Emerging Roles of Type-I Interferons in Neuroinflammation, Neurological Diseases, and Long-Haul COVID

Affiliations
Review

Emerging Roles of Type-I Interferons in Neuroinflammation, Neurological Diseases, and Long-Haul COVID

Ping-Heng Tan et al. Int J Mol Sci. .

Abstract

Interferons (IFNs) are pleiotropic cytokines originally identified for their antiviral activity. IFN-α and IFN-β are both type I IFNs that have been used to treat neurological diseases such as multiple sclerosis. Microglia, astrocytes, as well as neurons in the central and peripheral nervous systems, including spinal cord neurons and dorsal root ganglion neurons, express type I IFN receptors (IFNARs). Type I IFNs play an active role in regulating cognition, aging, depression, and neurodegenerative diseases. Notably, by suppressing neuronal activity and synaptic transmission, IFN-α and IFN-β produced potent analgesia.

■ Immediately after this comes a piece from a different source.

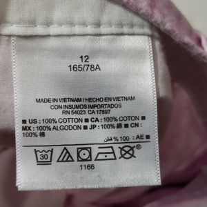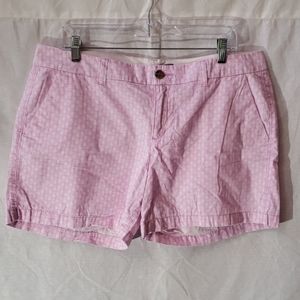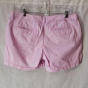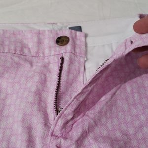 Good used condition. Inseam approximately 5". Front rise approximately 9 1/2". Front slash pockets, back pockets. Colors: pink w/white pineapple motif.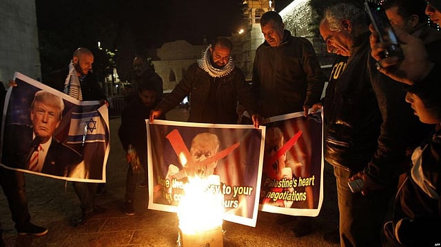 Senior Palestinian leader Nabil Shaath said Trump would no longer be seen as a credible mediator. "The Palestinian Authority does not condone violence, but it may not be able to control the street and prevent a third Palestinian uprising," he said, speaking in Arabic.

In this article, we discuss the role of type I IFNs in cognition, neurodegenerative diseases, and pain with a focus on neuroinflammation and neuro-glial interactions and their effects on cognition, neurodegenerative diseases, and pain. The role of type I IFNs in long-haul COVID-associated neurological disorders is also discussed. Insights into type I IFN signaling in neurons and non-neuronal cells will improve our treatments of neurological disorders in various disease conditions.

Keywords: IFN-α; IFN-β; astrocytes; long-haul COVID; microglia; neuroinflammation; neurological disease; pain; primary sensory neurons; spinal cord.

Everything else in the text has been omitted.